Correlation Between Genasys and NeoMagic
Can any of the company-specific risk be diversified away by investing in both Genasys and NeoMagic at the same time? Although using a correlation coefficient on its own may not help to predict future stock returns, this module helps to understand the diversifiable risk of combining Genasys and NeoMagic into the same portfolio, which is an essential part of the fundamental portfolio management process.
By analyzing existing cross correlation between Genasys and NeoMagic, you can compare the effects of market volatilities on Genasys and NeoMagic and check how they will diversify away market risk if combined in the same portfolio for a given time horizon. You can also utilize pair trading strategies of matching a long position in Genasys with a short position of NeoMagic. Check out your portfolio center. Please also check ongoing floating volatility patterns of Genasys and NeoMagic.

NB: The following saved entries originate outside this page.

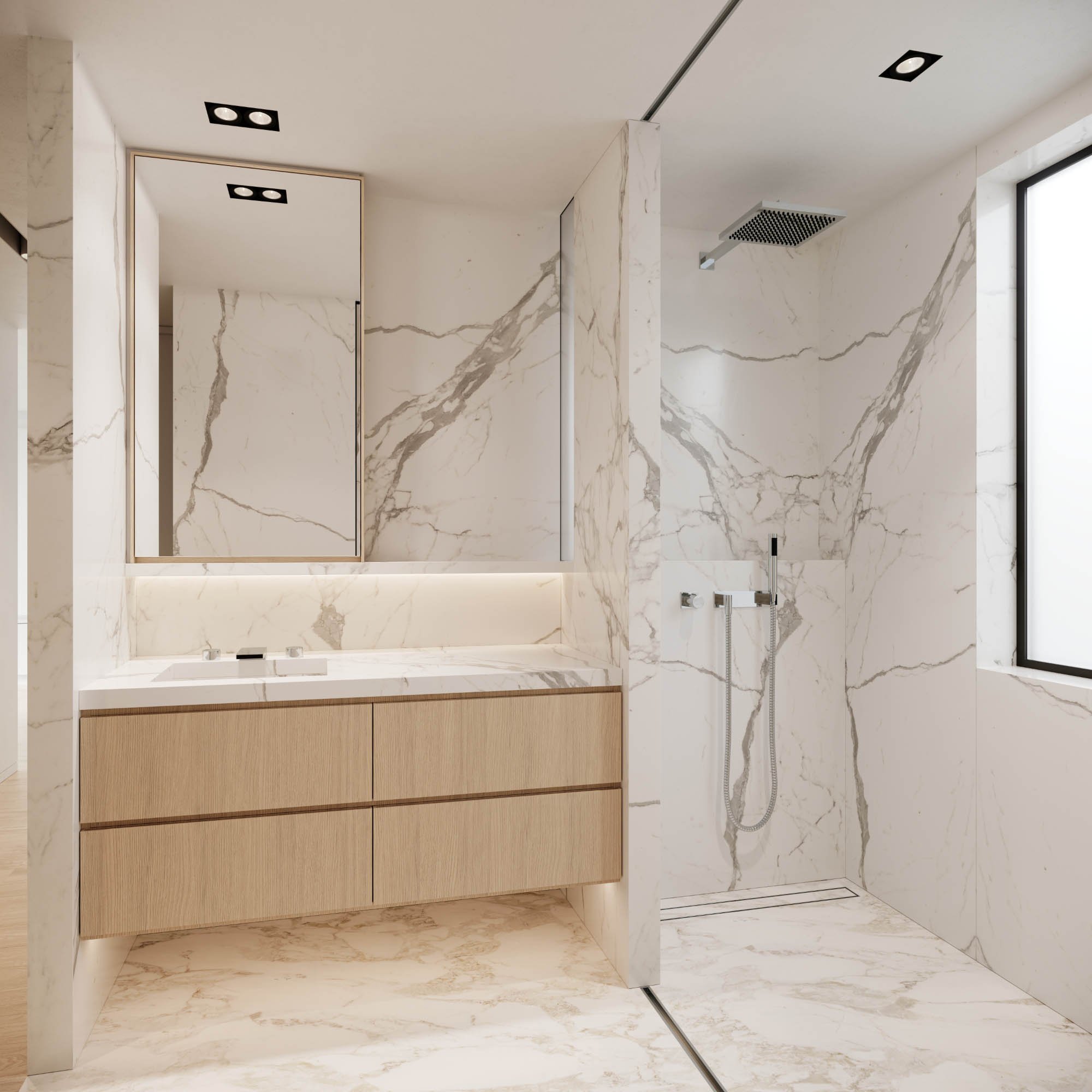 Мрамор и дерево в небольшой ванной
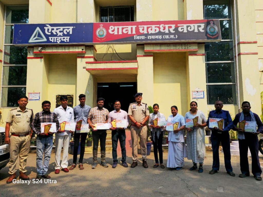 रायगढ़* । रायगढ़ के चक्रधरनगर थाना परिसर में आज एक विशेष कार्यक्रम आयोजित किया गया, जिसमें मेधावी छात्रों, समर्पित शिक्षकों, नर्सिंग स्टाफ, ग्राम कोटवारों और पुलिस मित्रों को उनके उत्कृष्ट कार्यों के लिए सम्मानित किया गया। पुलिस अधीक्षक श्री दिव्यांग कुमार पटेल के निर्देश पर आयोजित इस कार्यक्रम में थाना प्रभारी निरीक्षक प्रशांत राव ने इन सेवाभावी लोगों को मोमेंटो और प्रशस्ति पत्र देकर उनका उत्साहवर्धन किया।
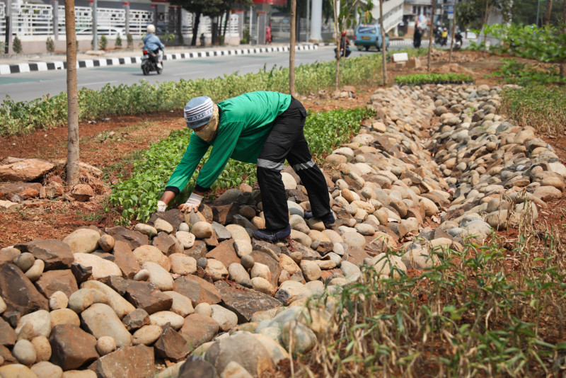 Petugas Penanganan Prasarana dan Sarana Umum (PPSU) Srengseng Sawah menyelesaikan penataan kawasan unggulan triwulan IV di Jalan Lenteng Agung Barat, Srengseng Sawah, Jagakarsa, Jakarta Selatan. Lokasinya yang selalu terkena sinar matahari, penataan kawasan unggulan triwulan IV Kelurahan Srengseng Sawah mengusung tema taman semi kering dengan menanam sejumlah tanaman hias dan pohon buah yang memang tahan akan suhu panas.
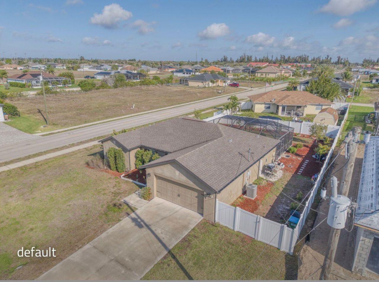 Discover this charming single-family home built in 2018, perfectly situated in desirable Southwest Cape Coral. Offering 3 bedrooms, 2 bathrooms, and 1,522 square feet of living space, this well-maintained residence features an open and inviting floor plan with stylish finishes throughout. Step inside to a seamless flow from the bright living area into the dining space and a well-appointed kitchen complete with a breakfast bar, kitchen island, and pantry-ideal for everyday living and entertaining. The split-bedroom layout provides privacy, while tile and carpet flooring, ceiling fans, and central air keep the home comfortable year-round. A 2-car attached garage adds convenience and storage. Outside, enjoy your private Florida oasis with a large in-ground pool and spacious patio area perfect for lounging, grilling, or relaxing in the sun. The fully fenced backyard ensures privacy and is ideal for families, kids, or pets. Additional highlights include a screened porch/lanai, manual shutters, and excellent curb appeal. Located on a generous 0.24-acre lot between Pine Island Road and Veterans Parkway, this home offers easy access to shopping, dining, schools, parks, and all the amenities Cape Coral has to offer. No HOA fees make it even more appealing. Whether you're looking for a move-in-ready home or a relaxing retreat, this 2018-built gem is ready for you. Schedule your private showing today!
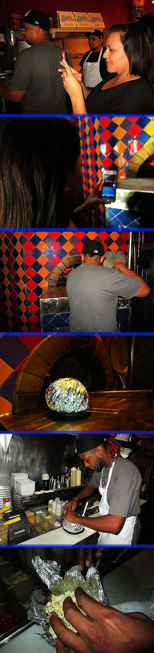 There’s the massive wood-burning Sugar oven and Mario, JoJo and Pancho all agreed to help with the cooking of the Jiffy Pop and I for one am really excited about all of this! Mario and JoJo peeled off the outside cardboard and JoJo slid it into the oven and there it is. The oven is currently running at over 500 degrees! I’m anxious to see how it cooks up this tin of Jiffy Pop.

Diversification Opportunities for Genasys and NeoMagic
Poor diversification
The 3 months correlation between Genasys and NeoMagic is 0.69. Overlapping area represents the amount of risk that can be diversified away by holding Genasys and NeoMagic in the same portfolio, assuming nothing else is changed. The correlation between historical prices or returns on NeoMagic and Genasys is a relative statistical measure of the degree to which these equity instruments tend to move together. The correlation coefficient measures the extent to which returns on Genasys are associated (or correlated) with NeoMagic. Values of the correlation coefficient range from -1 to +1, where. The correlation of zero (0) is possible when the price movement of NeoMagic has no effect on the direction of Genasys i.e., Genasys and NeoMagic go up and down completely randomly.
Pair Corralation between Genasys and NeoMagic
Given the investment horizon of 90 days Genasys is expected to generate 373.12 times less return on investment than NeoMagic. But when comparing it to its historical volatility, Genasys is 4.06 times less risky than NeoMagic. It trades about 0.0 of its potential returns per unit of risk. NeoMagic is currently generating about 0.08 of returns per unit of risk over similar time horizon. If you would invest 0.61 in NeoMagic on September 23, 2024 and sell it today you would earn a total of 0.11 from holding NeoMagic or generate 18.03% return on investment over 90 days.
Time Period | 3 Months [change] |
Direction | Moves Together |
Strength | Significant |
Accuracy | 27.97% |
Values | Daily Returns |
Genasys vs. NeoMagic
Performance |
Timeline |
Genasys |
NeoMagic |
Risk-Adjusted Performance
0 of 100
Weak | Strong |
Very Weak
Genasys and NeoMagic Volatility Contrast
Predicted Return Density |
Returns |
Pair Trading with Genasys and NeoMagic
The main advantage of trading using opposite Genasys and NeoMagic positions is that it hedges away some unsystematic risk. Because of two separate transactions, even if Genasys position performs unexpectedly, NeoMagic can make up some of the losses. Pair trading also minimizes risk from directional movements in the market. For example, if an entire industry or sector drops because of unexpected headlines, the short position in NeoMagic will offset losses from the drop in NeoMagic's long position.The idea behind Genasys and NeoMagic pairs trading is to make the combined position market-neutral, meaning the overall market's direction will not affect its win or loss (or potential downside or upside). This can be achieved by designing a pairs trade with two highly correlated stocks or equities that operate in a similar space or sector, making it possible to obtain profits through simple and relatively low-risk investment.Check out your portfolio center.Note that this page's information should be used as a complementary analysis to find the right mix of equity instruments to add to your existing portfolios or create a brand new portfolio. You can also try the Stock Tickers module to use high-impact, comprehensive, and customizable stock tickers that can be easily integrated to any websites.